For detailed installation instructions, refer to the Quark documentation.

Using Quark for quantization#

First, load the pre-trained model and its corresponding tokenizer using the Hugging Face transformers library.

from transformers import AutoTokenizer, AutoModelForCausalLM

MODEL_ID = "meta-llama/Llama-2-70b-chat-hf"
MAX_SEQ_LEN = 512

model = AutoModelForCausalLM.from_pretrained(
    MODEL_ID, device_map="auto", torch_dtype="auto",
)
model.eval()

tokenizer = AutoTokenizer.from_pretrained(MODEL_ID, model_max_length=MAX_SEQ_LEN)
tokenizer.pad_token = tokenizer.eos_token

Prepare the calibration DataLoader (static quantization requires calibration data).

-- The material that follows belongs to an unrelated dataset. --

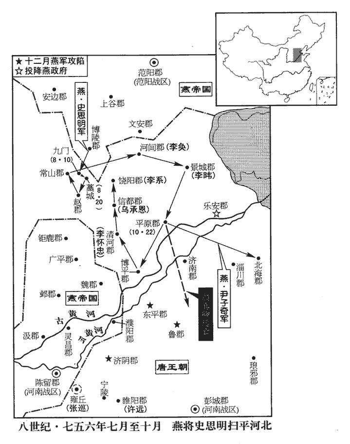 10尹子奇圍河間,四十餘日不下,史思明引兵會之。顏真卿遣其將和琳將萬二千人救河間,思明逆擊,擒之,遂陷河間;執李奐送洛陽,殺之。又陷景城‹河北省沧州市东南›,太守李暐赴湛水死。新書作赴河死。思明使兩騎齎尺書以招樂安‹山东省惠民县›,樂安即時舉郡降。樂安郡,棣州。景城既陷,樂安孤絕,即時降賊。蓋人心危懼,城主不能守也。又使其將康沒野波將先鋒攻平原,兵未至,顏真卿知力不敵,壬寅‹二十二›,棄郡渡河南走。思明即以平原兵攻清河、博平,皆陷之。清河郡,貝州。博平郡,博州。考異曰:河洛春秋云:「蔡希德引兵攻貝州,貝州陷。攻博州,五日,城陷。」今從肅宗實錄。思明引兵圍烏承恩於信都,承恩【章:十二行本「恩」下有「以城」二字;乙十一行本同;孔本同;退齋校同。】降,親導思明入城,交兵馬、倉庫,馬三千匹、兵萬人。信都郡,冀州。降,戶江翻。史言烏承恩兵力足以拒守。思明送承恩詣洛陽,祿山復其官爵。

from datasets import load_dataset
from torch.utils.data import DataLoader

BATCH_SIZE = 1
NUM_CALIBRATION_DATA = 512

dataset = load_dataset("mit-han-lab/pile-val-backup", split="validation")
text_data = dataset["text"][:NUM_CALIBRATION_DATA]

tokenized_outputs = tokenizer(
text_data, return_tensors="pt", padding=True, truncation=True, max_length=MAX_SEQ_LEN
)
calib_dataloader = DataLoader(
tokenized_outputs['input_ids'], batch_size=BATCH_SIZE, drop_last=True
)

Define the quantization configuration. See the comments in the following code snippet for descriptions of each configuration option.

from quark.torch.quantization import (Config, QuantizationConfig,
                                     FP8E4M3PerTensorSpec)

# Define fp8/per-tensor/static spec.
FP8_PER_TENSOR_SPEC = FP8E4M3PerTensorSpec(observer_method="min_max",
    is_dynamic=False).to_quantization_spec()

# Define global quantization config, input tensors and weight apply FP8_PER_TENSOR_SPEC.
global_quant_config = QuantizationConfig(input_tensors=FP8_PER_TENSOR_SPEC,
    weight=FP8_PER_TENSOR_SPEC)

# Define quantization config for kv-cache layers, output tensors apply FP8_PER_TENSOR_SPEC.
KV_CACHE_SPEC = FP8_PER_TENSOR_SPEC
kv_cache_layer_names_for_llama = ["*k_proj", "*v_proj"]
kv_cache_quant_config = {name :
    QuantizationConfig(input_tensors=global_quant_config.input_tensors,
                       weight=global_quant_config.weight,
                       output_tensors=KV_CACHE_SPEC)
    for name in kv_cache_layer_names_for_llama}
layer_quant_config = kv_cache_quant_config.copy()

EXCLUDE_LAYERS = ["lm_head"]
quant_config = Config(
    global_quant_config=global_quant_config,
    layer_quant_config=layer_quant_config,
    kv_cache_quant_config=kv_cache_quant_config,
    exclude=EXCLUDE_LAYERS)

Quantize the model and export

import torch
from quark.torch import ModelQuantizer, ModelExporter
from quark.torch.export import ExporterConfig, JsonExporterConfig

# Apply quantization.
quantizer = ModelQuantizer(quant_config)
quant_model = quantizer.quantize_model(model, calib_dataloader)

# Freeze quantized model to export.
freezed_model = quantizer.freeze(model)

# Define export config.
LLAMA_KV_CACHE_GROUP = ["*k_proj", "*v_proj"]
export_config = ExporterConfig(json_export_config=JsonExporterConfig())
export_config.json_export_config.kv_cache_group = LLAMA_KV_CACHE_GROUP

EXPORT_DIR = MODEL_ID.split("/")[1] + "-w-fp8-a-fp8-kvcache-fp8-pertensor"
exporter = ModelExporter(config=export_config, export_dir=EXPORT_DIR)
with torch.no_grad():
    exporter.export_safetensors_model(freezed_model,
        quant_config=quant_config, tokenizer=tokenizer)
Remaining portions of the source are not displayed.